Set in New York City, a Detective, (Hungry for a promotion), Goes After a Bank Robbery in Progress. Co-Stars Clive Owen, Jodie Foster, and Christoper Plummer.
Director Spike Lee takes his audience on another roller coaster action thriller ride in the movie, The Inside Man. An ambitious police detective, Keith Frazier (Denzel Washington) is dispatched to a bank robbery in progress. The leader, Dalton Russell (Clive Owen) holds over twenty hostages in the bank, negotiating his way to pulling off the perfect robbery. Meanwhile, a slick negotiator (Jodie Foster) appears on the crime scene to protect one man’s dark secret in his security deposit box that he insists remains hidden.
Denzel Washington portrays Frazier as a good cop; a hard hitting detective, but hungry enough to cut a deal with the mayor for an overdue promotion. In this film, his nemesis Dalton pulls off a terrorizing bank robbery with relatively calculated ease. The robbery is not out of need, but simply to show that he can break into a large bank. However, underneath his mask is an ulterior motive.
Both Washington and Owen play their roles well which draw the audience in. Foster, the suave negotiator is the third character who stirs things up. Between her connections and duplicitous ways, Foster creates a character worth watching throughout.
Among the three, a cop, a criminal, and a savvy negotiator—trust runs thin. While each actor develops his character at his own pace, it is Washington`s character which undergoes the fullest evolution. The character`s conflicting agendas spark change in Owen’s character. Foster remains the one least affected.
The Manhattan Trust Bank contains a huge vault. Dalton and his accomplices hold over 20 hostages. They are forced to strip down to their underwear and wear uniforms so they would be unidentifiable to the police. They also had to wear masks. The thieves and hostages look no different from each other.

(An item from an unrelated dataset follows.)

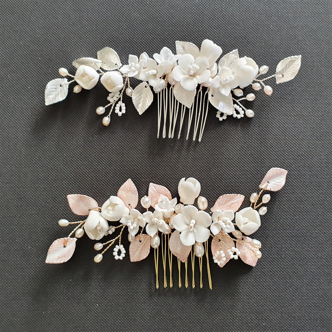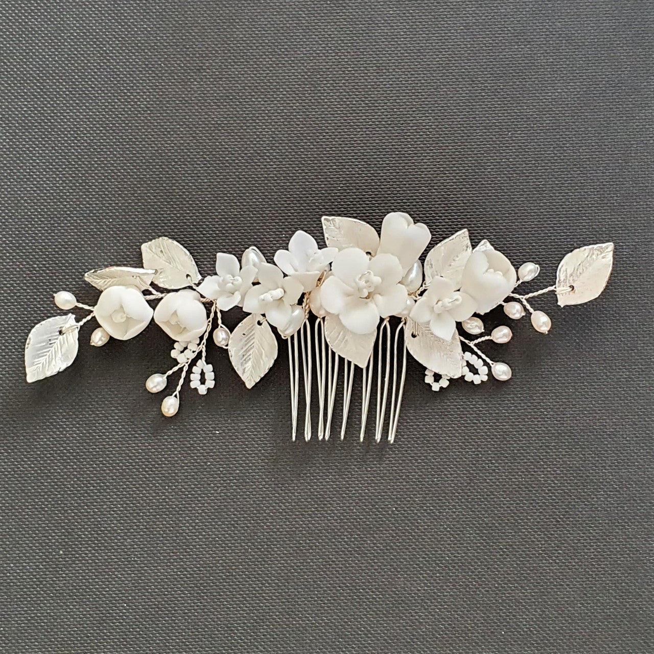 Small White Flower and Silver Leaf Hair Comb for Brides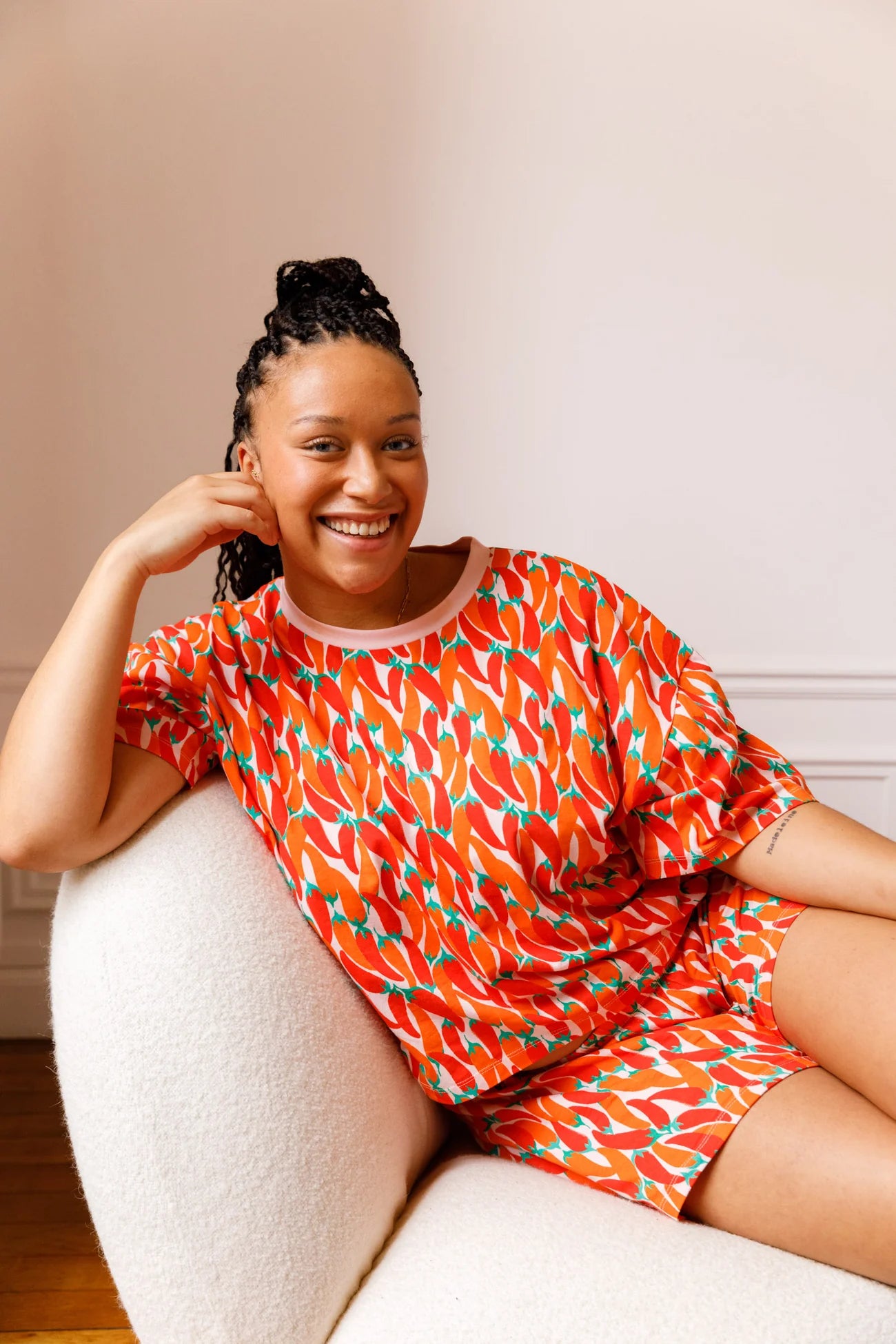 Craquez pour le pyjama Pimientos : un ensemble court en coton bio certifié OEKO‑TEX®, conçu pour un confort optimal. Le t‑shirt oversize se marie parfaitement avec un short à taille élastique, ni trop court, ni trop long – un vrai équilibre entre style et praticité.

No hostages are killed. Rather, one is let out at a time. Finally, when the police are ready to storm the bank, the thieves let them in. Meanwhile, the thieves leave unnoticed and get away. The police interrogate the hostages and no one is the wiser because throughout the ordeal, everyone`s faces were covered.
The end result is that the robbery appears as though it had never taken place. The police didn’t want to pursue it. Frazier (Washington) is already being promoted because of the deal he made with the Mayor.
This is an action packed drama without much room for philosophical discussion. Like in Zimbardo’s experiment of the prisoners and wardens, the thieves used the uniforms to their own purposes with one goal in mind. However, they did not forget who they are. The thieves orchestrate all motions and actions with great forethought. The leader, Dalton (Owen) leaves his audience on a tightrope. They are not quite sure if he is the evil gangster they should be really worried about. In this film, Lee has once again illustrated that the world’s uncertainties are not black and white, rather shades of gray.